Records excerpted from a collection

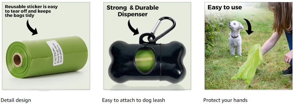- 【Easy Tear-off】- The doggie poop bags is with good toughness and breakpoint design and the bottom easy-tear hole seam for quick detach bag from the roll. When you’re on the go with your dog, you can enjoy stress-free outdoor walks with your dog!
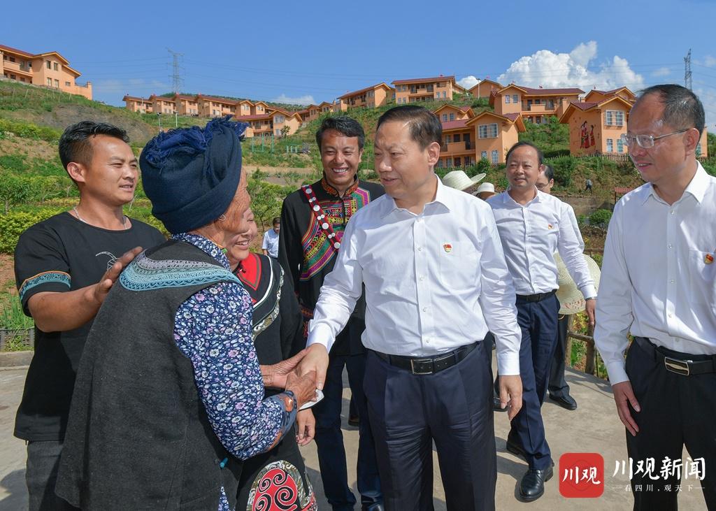 村内一幢幢错落有致的彝家新寨,居住着1200多名前些年从凉山自发搬迁而来的彝族群众。彭清华步行察看村容村貌,走进已脱贫群众吉克曲体家中,与镇村干部群众围坐一起,拉家常、问生计、聊发展,仔细盘算增收账。
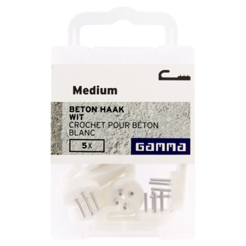 Ce crochet à béton GAMMA de taille moyenne est en nylon blanc. Avec un crochet en béton, vous pouvez facilement monter un crochet sur un mur en béton ou dans un mur en pierre. C'est-à-dire : sans utiliser de perceuse. Vous pouvez facilement fixer les 4 clous en acier dans le béton avec un marteau. Dans les types de pierre plus tendres, vous pouvez utiliser un clou en acier plus long. Un trou a été laissé ouvert entre les clous à cet effet. Le crochet est assez facile à enlever avec une pince. Ce crochet de taille moyenne a une taille de 3x1,5x0,8cm. Un paquet contient 5 morceaux de crochets en béton.
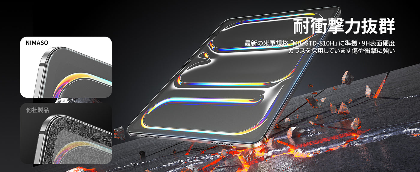 - 【高品質日本製素材】9H硬度を持つガラスにハードコーティングが施されることにより、外部からの衝撃をフィルムが吸収し、画面へのダメージを最低限まで抑えました。
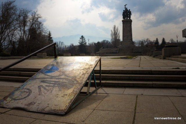 Ein wirklich schönes Beispiel, wie sich die Menschen von Sofia ihre Stadt zurückerobern ist das alte Denkmal zu Ehren der Sowjetarmee anlässlich der „Befreiung“ Bulgariens (die offen gesagt keine „Befreiung“ war). Heute sind hier Rampen installiert für Skater, und anstatt zu „gedenken“ fetzen die Jungs mit ihren Skateboards über die Anlage.
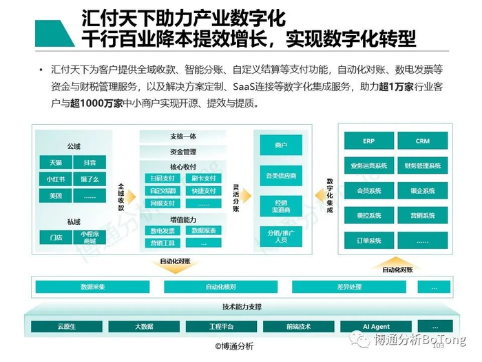 汇付天下为客户提供全域收款、智能分账、自定义结算等支付功能,自动化对账、数电发票等资金与财税管理服务,以及解决方案定制、SaaS连接等数字化集成服务,助力超1万家行业客户与数百万家中小商户实现开源、提效与提质。
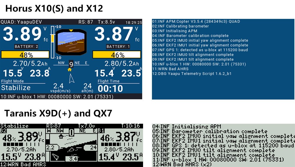 Taranis X9D(+) and QX7 B2abinz JBl BE 8#NE (oiticlicinz-AEE ation 48. 3.898 d6. 2.4 24 00:10 vspd(m/s) alt(un)
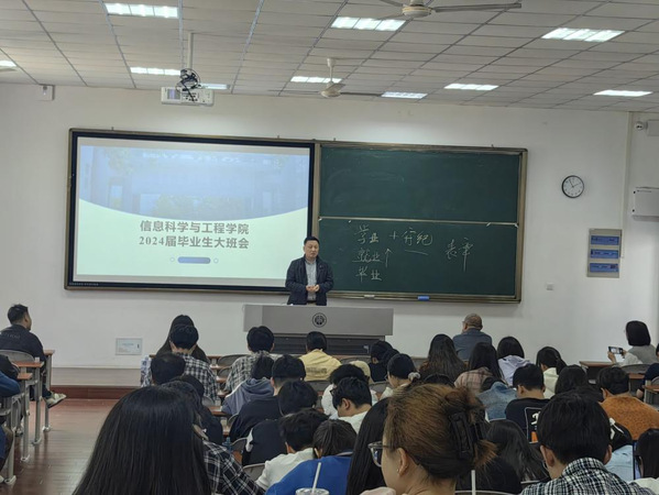 根据教学工作安排,信息学院2020级各专业同学于4月20日全部返校。为组织好学生毕业前的各项工作,帮助同学们在最后两个月的校园时光里取得更大的收获,4月22日下午,学院于C南101召开了2024届毕业生大班会。学院领导和毕业班辅导员老师以及全体2020级同学参加会议。
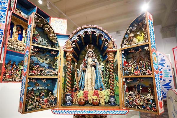 Añadió que los retablos, cuyas puertas de madera están pintadas de blanco con elementos de colores “son un soporte muy flexible que se produce de manera comercial”, y al mismo tiempo también para albergar nuevas expresiones artísticas e incluso políticas.

Task objective:
Would you restate word for word only the lines from the line with "根据教学工作安排,信息学院2" to the last line above, with the pictures left out?

Response below:
 根据教学工作安排,信息学院2020级各专业同学于4月20日全部返校。为组织好学生毕业前的各项工作,帮助同学们在最后两个月的校园时光里取得更大的收获,4月22日下午,学院于C南101召开了2024届毕业生大班会。学院领导和毕业班辅导员老师以及全体2020级同学参加会议。
 Añadió que los retablos, cuyas puertas de madera están pintadas de blanco con elementos de colores “son un soporte muy flexible que se produce de manera comercial”, y al mismo tiempo también para albergar nuevas expresiones artísticas e incluso políticas.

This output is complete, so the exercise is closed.